- _EXERCISE_
Give back all of the data exactly as it stands, with the pictures removed.

━━━━━━━━━━━━━━━━━━━━

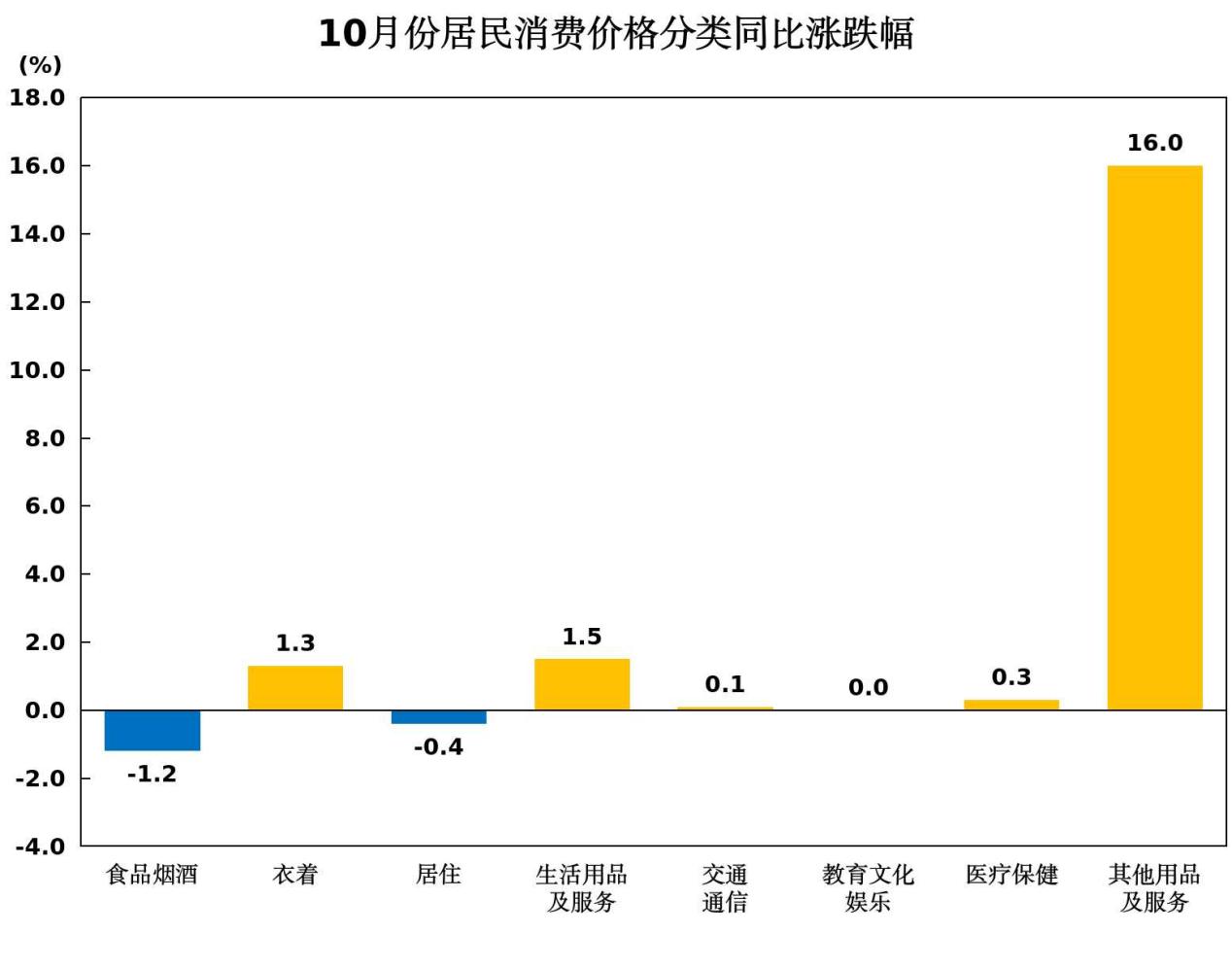 工业消费品价格同比上涨1.6%,环比上涨0.4%。
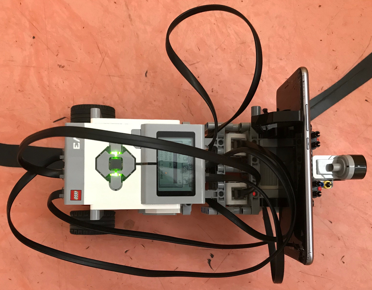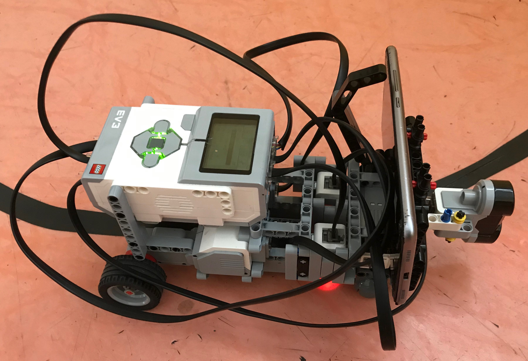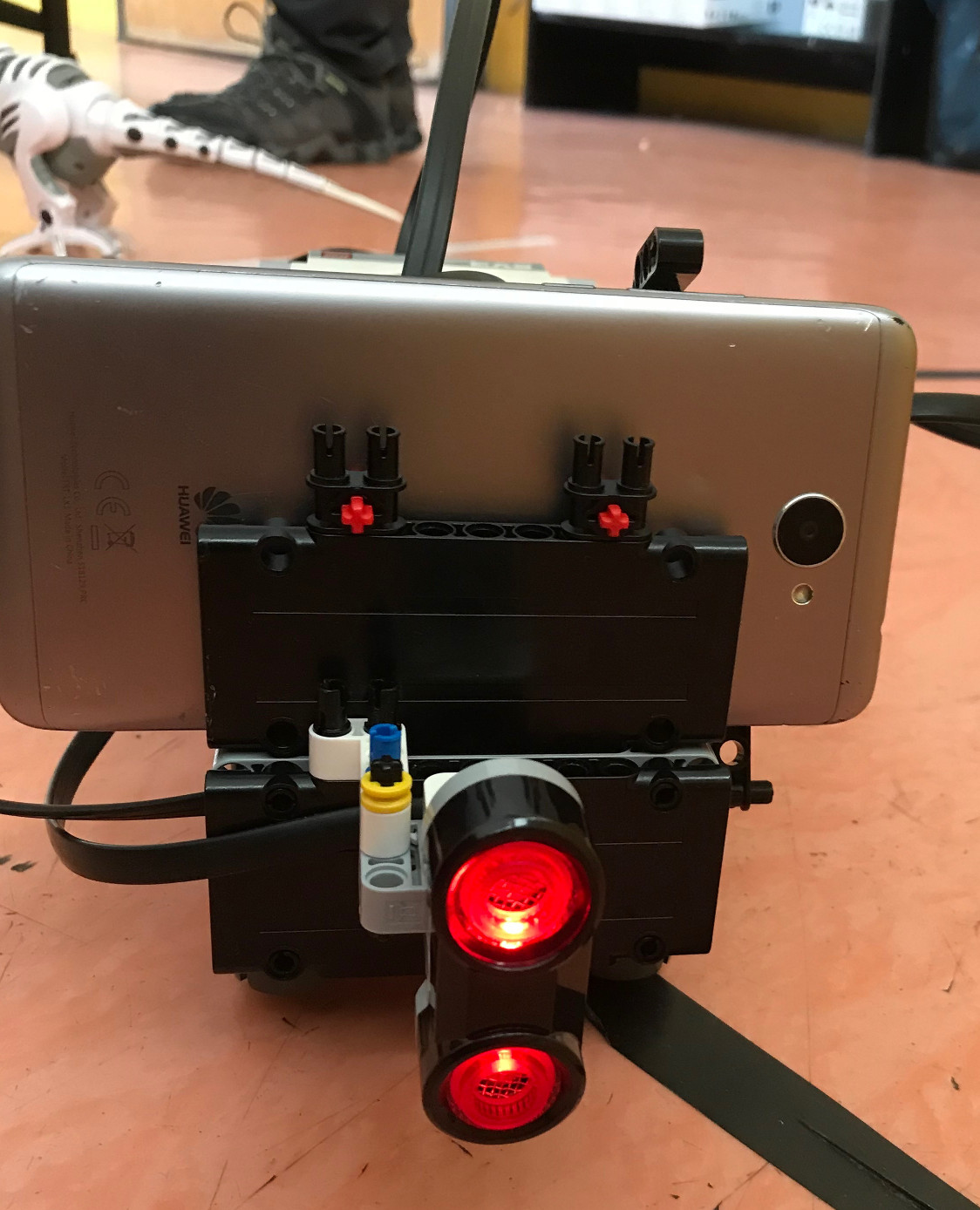 Robot jazdí po čiare a vždy keď zbadá prekážku zastane a spraví fotku.
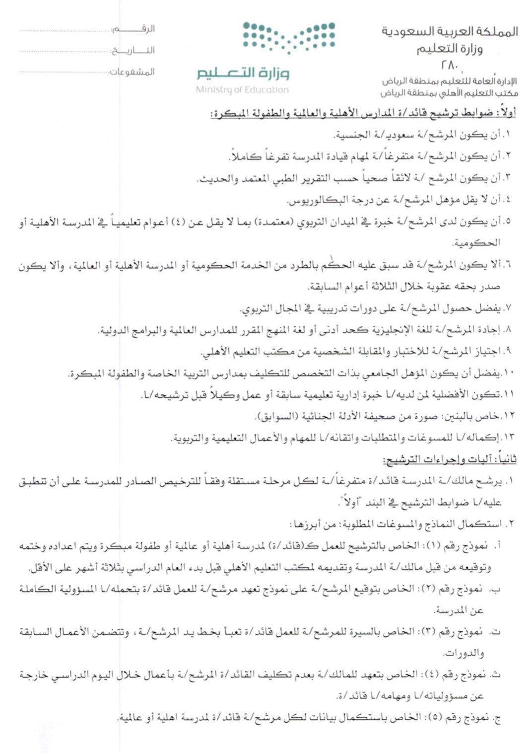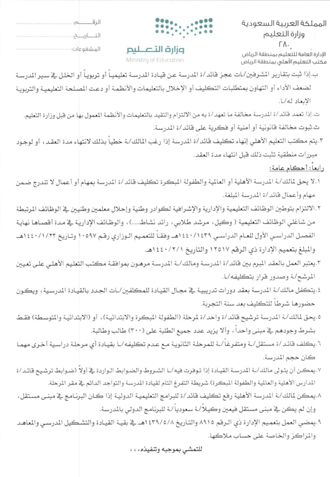 ملتقى معلمي السعودية No Twitter تعميم للمدارس الأهلية والعالمية والمتضمن آلية تكليف قائد ة المدرسة الأهلية والعالمية والضوابط والأحكام وتشمل التدرج الزمني في إنهاء التكليف لقادة المدارس الأهلية والعالمية ممن على ملاك الوزارة
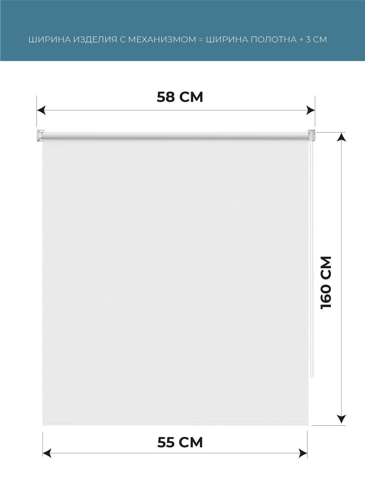 Купить Рулонные шторы однотонные Плайн Белый DECOFEST 55 см на 160 см, жалюзи на окна
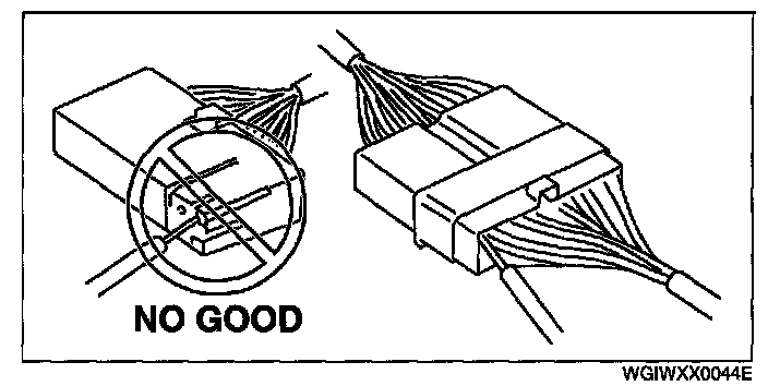 - When a tester is used to inspect for continuity or measuring voltage, insert the tester probe from the wiring harness side.
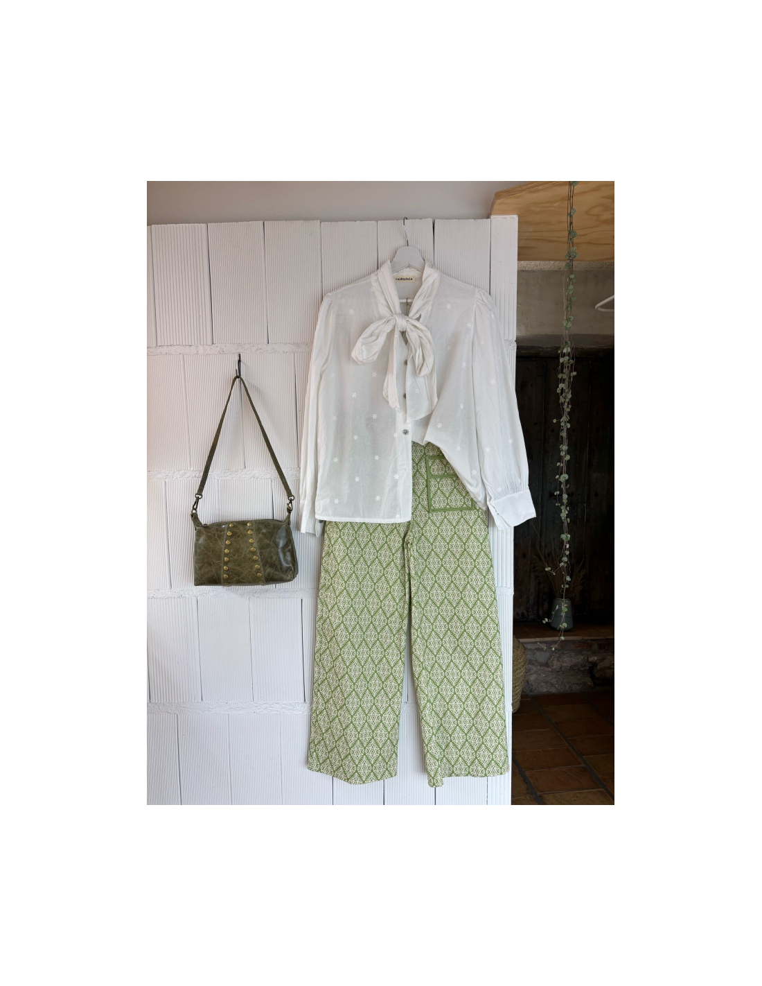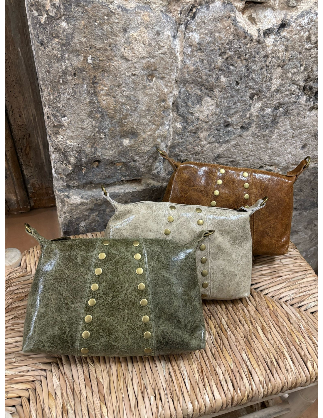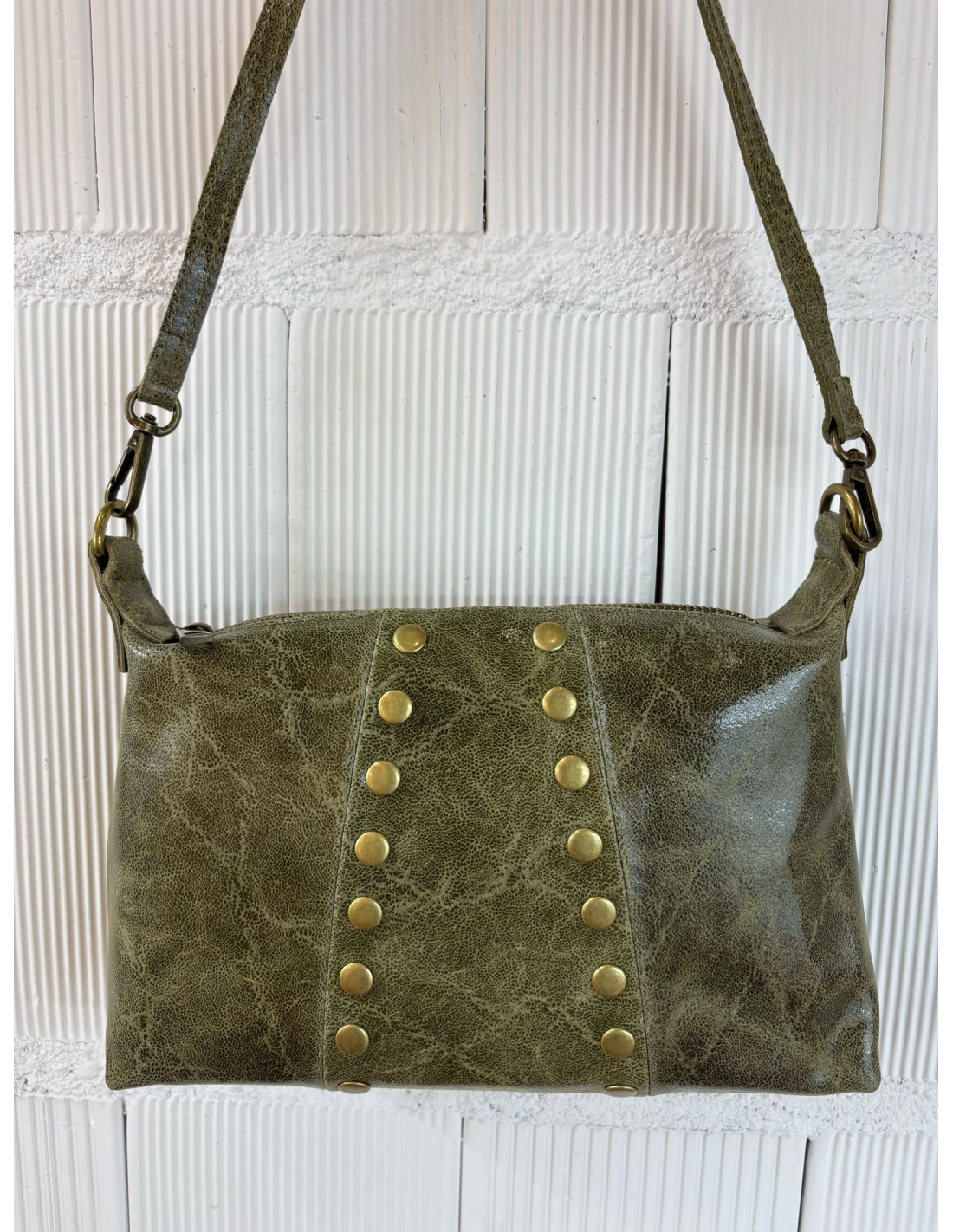Bolso de piel con detalle de tachuelas en medio. 💚

━━━━━━━━━━━━━━━━━━━━

- _WRITTEN REPLY_
 工业消费品价格同比上涨1.6%,环比上涨0.4%。
 Robot jazdí po čiare a vždy keď zbadá prekážku zastane a spraví fotku.
 ملتقى معلمي السعودية No Twitter تعميم للمدارس الأهلية والعالمية والمتضمن آلية تكليف قائد ة المدرسة الأهلية والعالمية والضوابط والأحكام وتشمل التدرج الزمني في إنهاء التكليف لقادة المدارس الأهلية والعالمية ممن على ملاك الوزارة
 Купить Рулонные шторы однотонные Плайн Белый DECOFEST 55 см на 160 см, жалюзи на окна
 - When a tester is used to inspect for continuity or measuring voltage, insert the tester probe from the wiring harness side.
Bolso de piel con detalle de tachuelas en medio. 💚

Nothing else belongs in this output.